В притихшем зале лилась печальная, за сердце берущая мелодия. Энрико играл самозабвенно, с закрытыми глазами, раскачиваясь из стороны в сторону, играл, сколько мог судить Лазаренко, как искусный музыкант. Так же неожиданно мелодия оборвалась. Труцци легким прыжком вскочил на барьер и, поворачиваясь по сторонам, стал сзывать нетерпеливым жестом всех к себе — скорей, скорей! Виталию даже с верхотуры, куда он забрался, было видно, как блестят его живые глаза, каким вдохновением осветилось лицо, ставшее еще красивее. Улыбаясь, режиссер взял за руку стройную артисточку, а может, балерину, и потянул в манеж, объясняя громким, возбужденным голосом, как ей следует вести себя в сцене радостного известия о свадьбе. Не надеясь на слова, режиссер с увлечением стал играть этот эпизод за нее, перейдя в порыве ликующего счастья на удалую, неистовую пляску перед смущенной барышней, при этом он страстно выпевал сумасшедшую тарантеллу и звучно щелкал пальцами над головой.

Сцена сменялась сценой, уходили одни артисты и появлялись другие, а неутомимый режиссер все репетировал и репетировал. «Подумать, сколько энергии в человеке!» Лазаренко не терпелось и самому включиться в работу с таким интересным человеком. Он увидел: на арену въехали несколько всадников, в руках у каждого посверкивал меч. Помощник что-то сказал режиссеру, и тот, вспорхнув на барьер, захлопал в ладоши, требуя тишины. Труцци выискивал глазами кого-то и, заметив Лазаренко, спросил нетерпеливо:

— В ученье были у Сура?

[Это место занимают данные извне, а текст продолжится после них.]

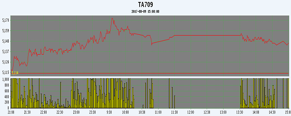 主力TA709合約當(dāng)日交易走勢(shì)
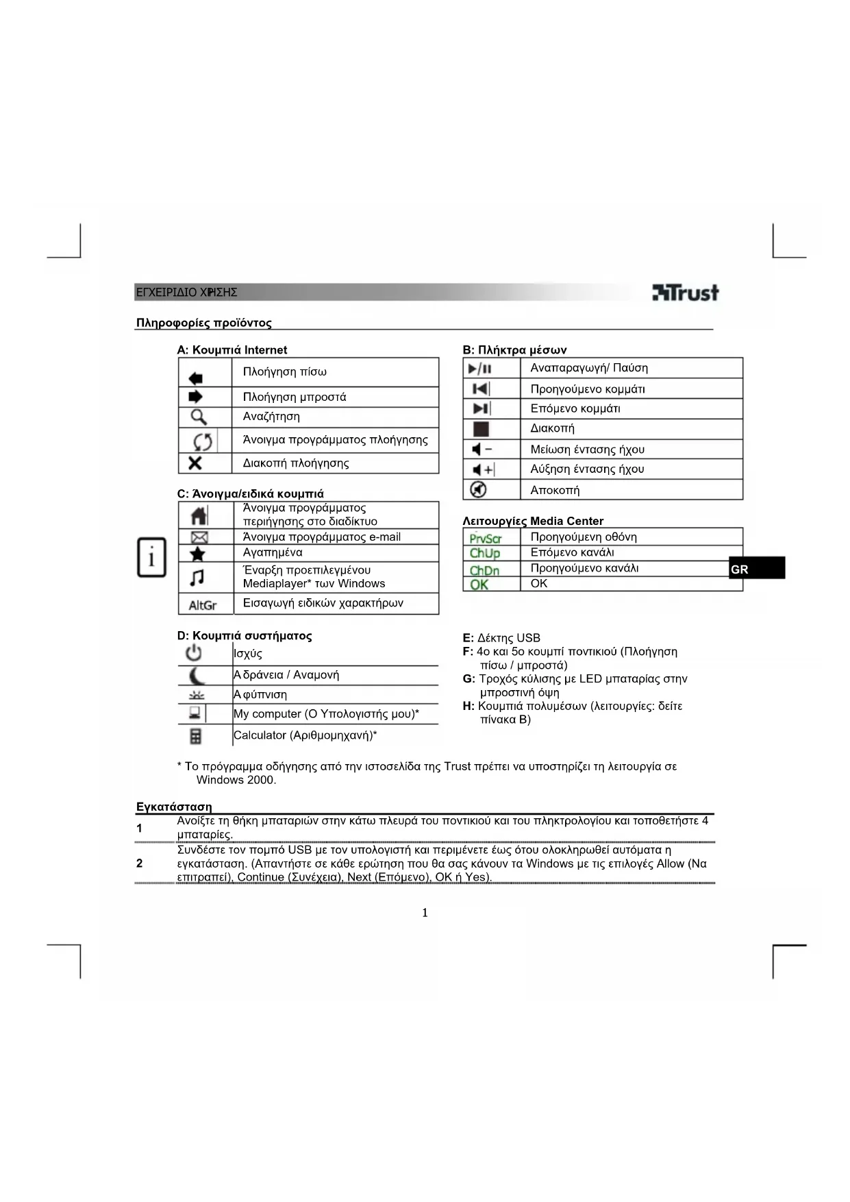 - Το πλήκτρο Alt Gr δίνει πρόσβαση στους ειδικούς χαρακτήρες, όπως, π.χ. το σύµβολο €. Περίληψη των ειδικών χαρακτήρων για κάθε χώρα θα βρείτε στη διεύθυνση: www.trust.com/keyboardlayout.

Ах нет,— поправился он,— у Котликовых. Вольтиж, значит, ездите?— Труцци окинул новичка с ног до головы быстрым оценивающим взглядом и распорядился:

— Пусть выдадут саблю. Какая лошадь свободна? Берейтор крикнул:

— Орлик!

— В манеж!..

Вот так, с места в карьер Лазаренко влился в большую дружную труппу цирка Труцци, с которым теперь будет связан без малого целый год.

Энрико Труцци было десять лет, когда родители привезли его в Россию. Сейчас владельцу крупного циркового дела, режиссеру, дрессировщику, первоклассному Жонглеру на Лошади—* уже сорок, и, хотя стал уже немного тучнеть и посеребрилась голова, не утратил юношеского жара и увлеченности. Энергичен, словоохотлив, он частенько пускался в рассуждения об искусстве, умел детально пересказать номера знаменитых комиков; мог во время репетиции, выведенный из себя очередной неудачей артиста, разразиться страстной филиппикой против бездарностей, которые лезут в манеж. От него Лазаренко впервые услышал об итальянском народном театре — комедии дель арте. А вскоре понял, что Энрико и в клоунской кухне разбирается до тонкости, и ощутил острую потребность сблизиться с таким знатоком. Он не пропускал ни одной репетиции, ни одного занятия, жадно впитывал все замечания. Виталия тянуло к Труцци, он выискивал любую возможность быть рядом. Повторилось, в сущности, то, что было с Дуровым: Виталий подкарауливал Энрико, когда тот направлялся из дому или домой, и, шагая рядом, задавал вопросы. И Труцци охотно делился с парнем, таким усердным и любознательным, которого уже привык постоянно видеть рядом, точно свою тень.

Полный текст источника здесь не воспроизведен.